The government also reminded university governing bodies that under race relations legislation they have a statutory duty to produce a race equality policy, which sets out how they intend to prevent racial discrimination and promote good race relations on campus.

That’ll show ‘em.

No wonder Iraq captured 15 British sailors. They knew the Lion of Britain has no teeth.

The report also agreed with the party’s conclusions that while the issue of anti-semitism is taken seriously by universities the “practice is not consistent across the sector.”

But the government failed to endorse the European Monitoring Centre on Racism and Xenophobia’s (EUMC) definition of anti-semitism on the grounds that it was a “work in progress.”

The EUMC, now the European Union Agency for Fundamental Rights, defines anti-semitism as the expression of hatred towards Jews, their property and Jewish community institutions and religious facilities. More contentiously, it adds “such manifestations could also target the state of Israel, conceived as a Jewish collectivity”.

The Union of Jewish Students’ campaign director, Mitch Simmons, said the government report was a “major step and valuable”.

But he was disappointed that the government and MPs had failed to address the issue that some universities fail to take up incidents of anti-semitism raised by the student union because they believe the organisation is separate to the university.

The British police don’t even report all incidents of anti-Semitism.

Time to go, Jews of Britain. The Jews of France are already fleeing by the thousands. (Holy crap! Joe updated his blog!)

Sue Blackwell’s not gonna like this

Posted on March 29th, 2007 at 6:00 am by Meryl Yourish.

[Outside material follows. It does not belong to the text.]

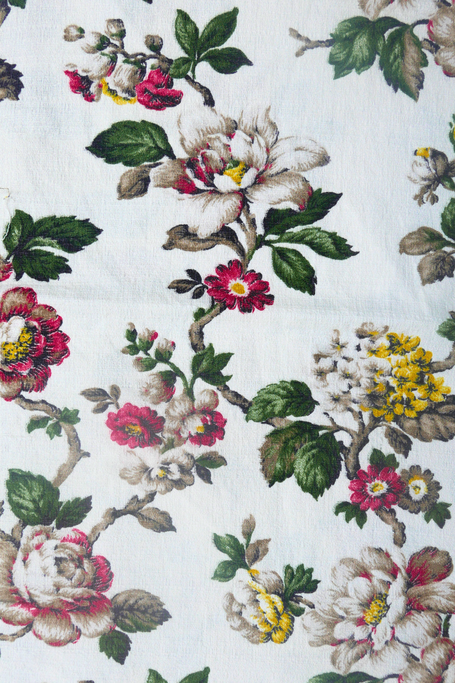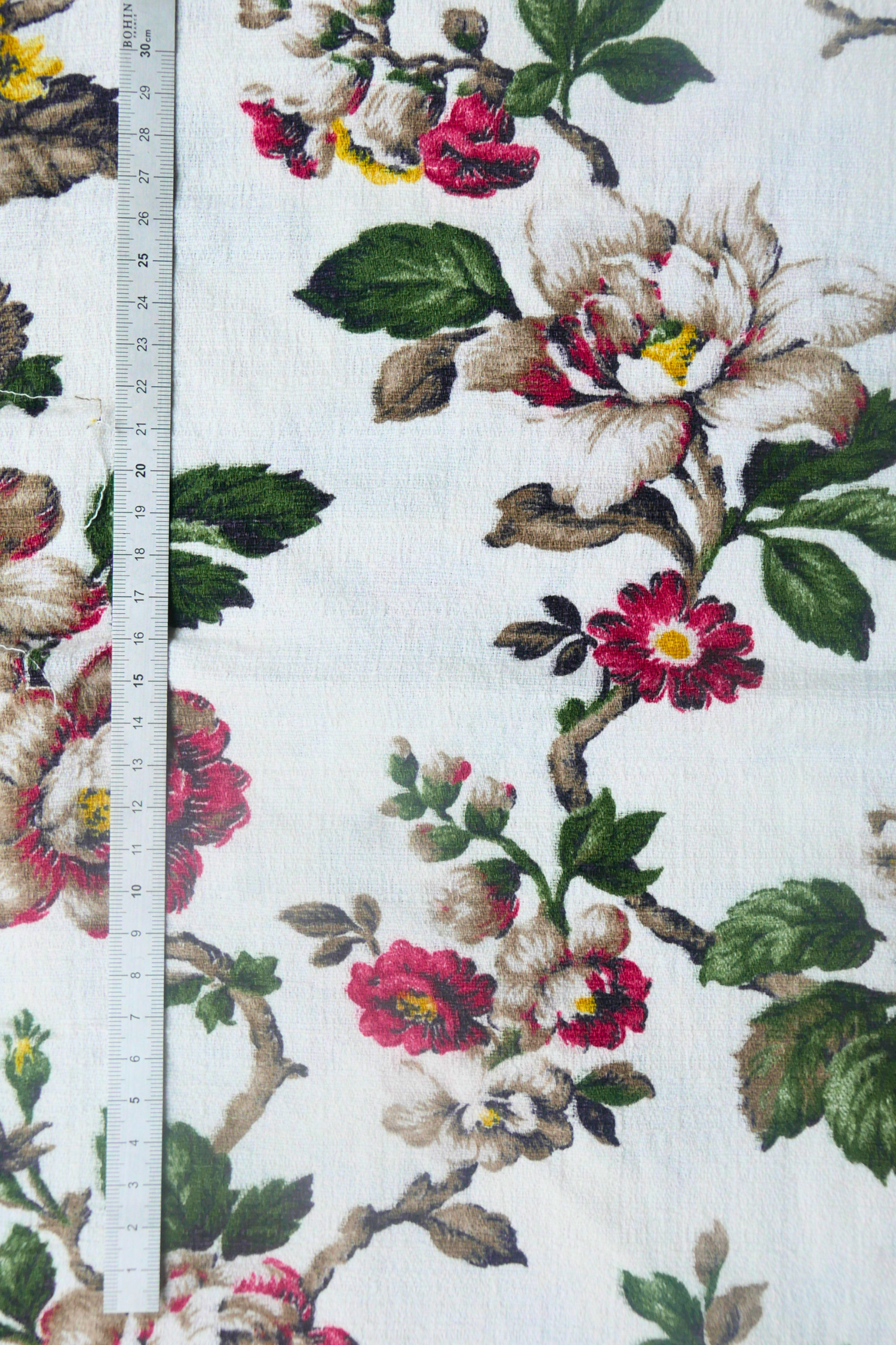 Tissu - Coton - Fond blanc avec des fleurs roses et marron - 39 cm * 260 cm
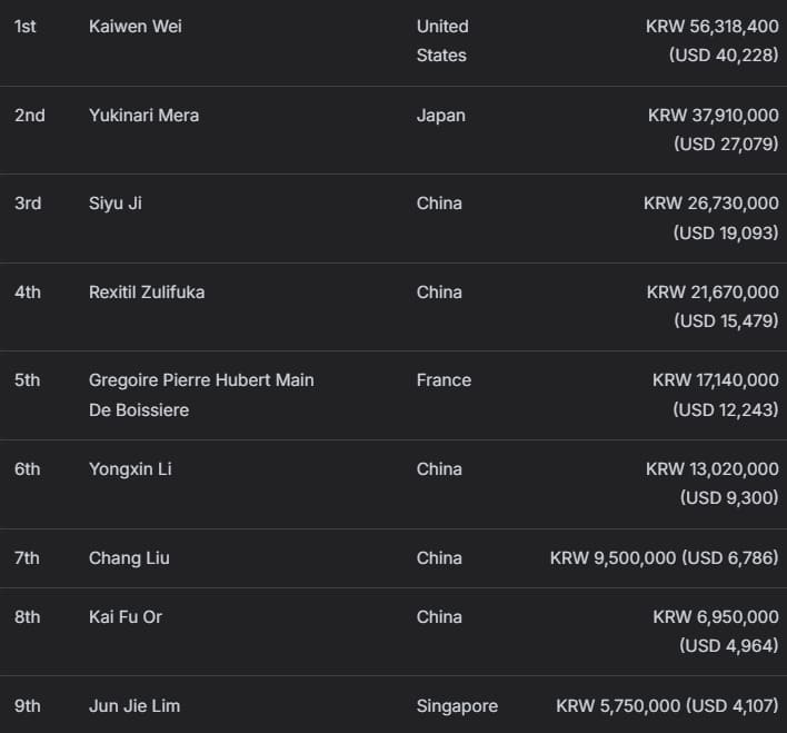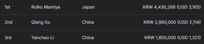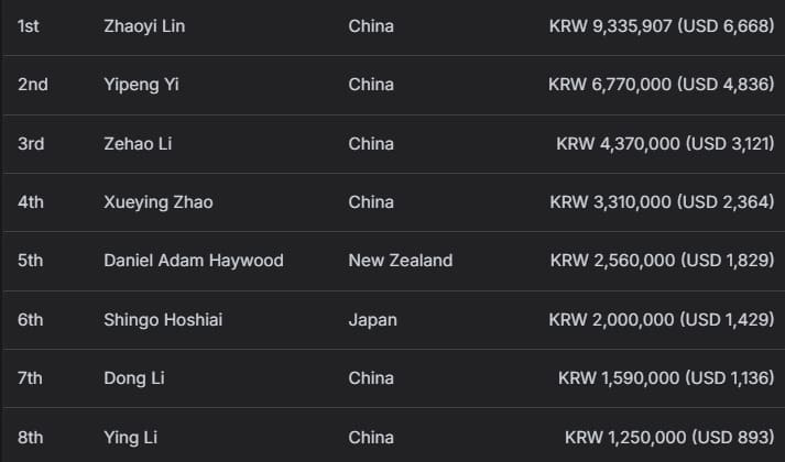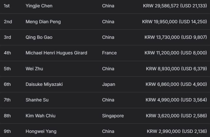 根据协议,中国选手Zhihao Zhang获得亚军及13,830,000韩币(约合9,879美元)奖励;日本选手Akihide Shimizu位列季军,获得12,270,000韩币(约合8,764美元)。

Filed under: Anti-Semitism

The U.K. is telling its universities that they have to actually start clamping down on anti-Semitism on campus. Big job. I wonder if they can.

The government is due today to unveil steps universities must take to stamp out campus anti-semitism.

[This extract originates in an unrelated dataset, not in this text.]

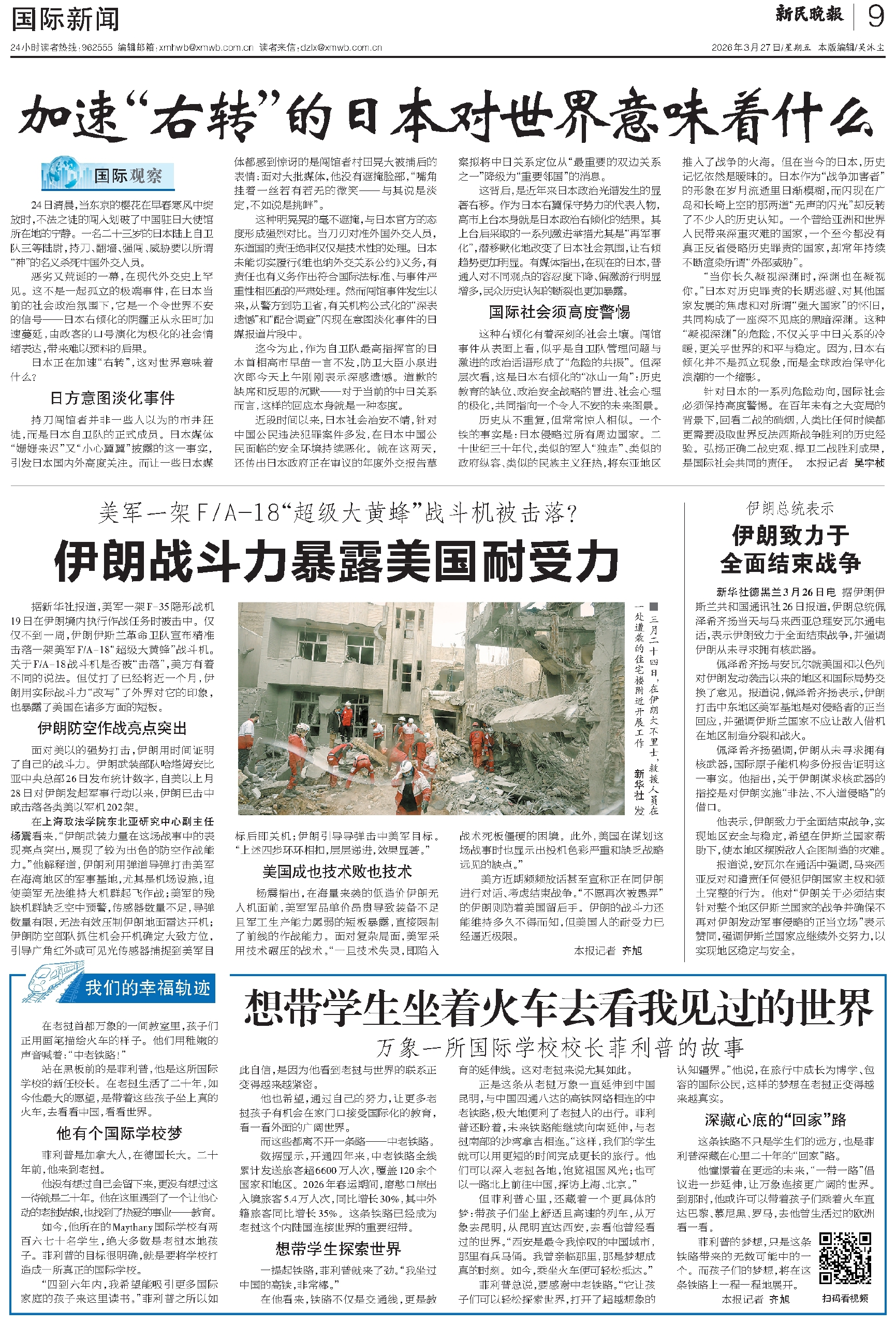 针对日本的一系列危险动向,国际社会必须保持高度警惕。在百年未有之大变局的背景下,回看二战的硝烟,人类比任何时候都更需要汲取世界反法西斯战争胜利的历史经验。弘扬正确二战史观、捍卫二战胜利成果,是国际社会共同的责任。 本报记者 吴宇桢

The communities minister, Phil Woolas, is expected to announce that the police should use existing powers under the Public Order Act 1986 to prosecute Islamic extremists, and others, if they make any speeches on campus which are anti-semitic.

Universities are expected to be told to keep a record of any complaints about anti-semitic behaviour, which would include statements or speeches made by students.

Here’s my favorite part:

The report said it was unreasonable for universities to boycott academics who work in Israel because that was an affront to academic freedom. The MPs added that university vice-chancellors’ response to dealing with the problem was “patchy” and it called on them to tackle the issue “vigorously”.

Universities UK, which represents vice-chancellors and has been involved in discussions with the government about campus political extremism, refused to comment on any government proposals ahead of today’s announcement.

And here comes the Islamophobia whine:

But any attempt to recruit lecturers into a “policing” role is likely to be rejected after the University and College Union warned in October its members would not be “sucked into a kind of anti-Muslim McCarthyism”.

We’ll see if anything changes. I’m thinking not.